— Activity —
The lines to extract run from the start of the records through the line with "Зооник Поводок капроновый", both ends included; drop the pictures.

— Provided material —
^^^^
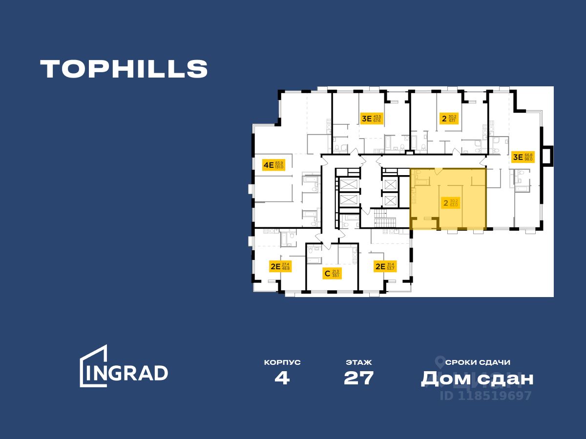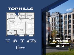 Прямая продажа от застройщика. В жилом квартале, расположенном в Нагорном районе Москвы, продаётся 2-спальная квартира площадью 61.40 кв.м без отделки. Квартира расположена на 27 этаже 27-этажного дома, корпус 4, в жилом квартале бизнес-класса TopHILLS (застройщик ГК Инград).
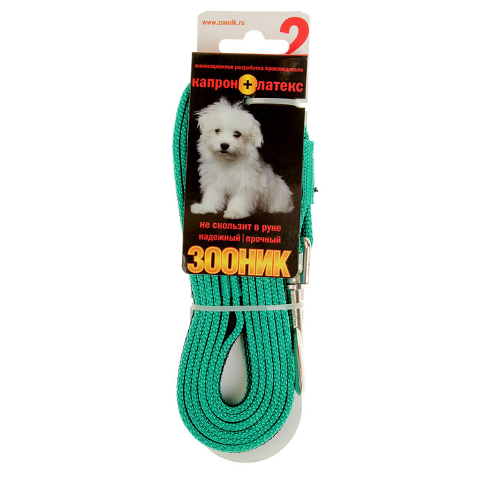 Зооник Поводок капроновый с латексной нитью 2м х 20мм, Зеленый
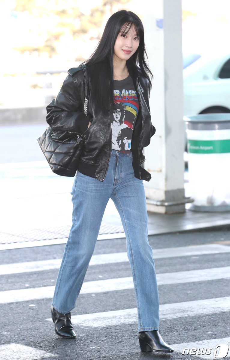 Bên cạnh style đơn giản thường ngày, Moon Ga Young còn có những bộ cánh sân bay vô cùng cuốn hút. Nếu như công thức váy lụa màu đen và áo khoác oversized có sự đan xen giữa nét quyến rũ, cá tính thì combo áo thun họa tiết, quần jeans xanh và áo khoác da lại đậm chất trẻ trung, cool ngầu. Moon Ga Young cho thấy boots vẫn luôn là mẫu giày hiệu quả trong việc nâng tầm vẻ sang xịn mịn cho trang phục.
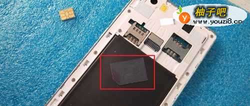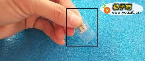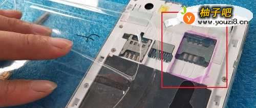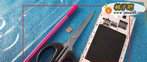 3如图,将透明塑料片铺在手机卡槽上面,放平后用画笔在手机卡槽上面塑料片上画出大卡外围。
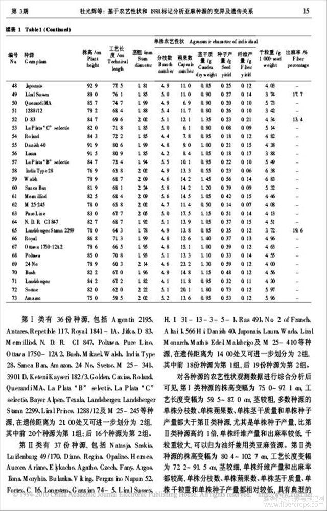 基于农艺性状和ISSR标记分析亚麻种源的变异及遗传关系
^^^^
— Answer for the task —
 Прямая продажа от застройщика. В жилом квартале, расположенном в Нагорном районе Москвы, продаётся 2-спальная квартира площадью 61.40 кв.м без отделки. Квартира расположена на 27 этаже 27-этажного дома, корпус 4, в жилом квартале бизнес-класса TopHILLS (застройщик ГК Инград).
 Зооник Поводок капроновый с латексной нитью 2м х 20мм, Зеленый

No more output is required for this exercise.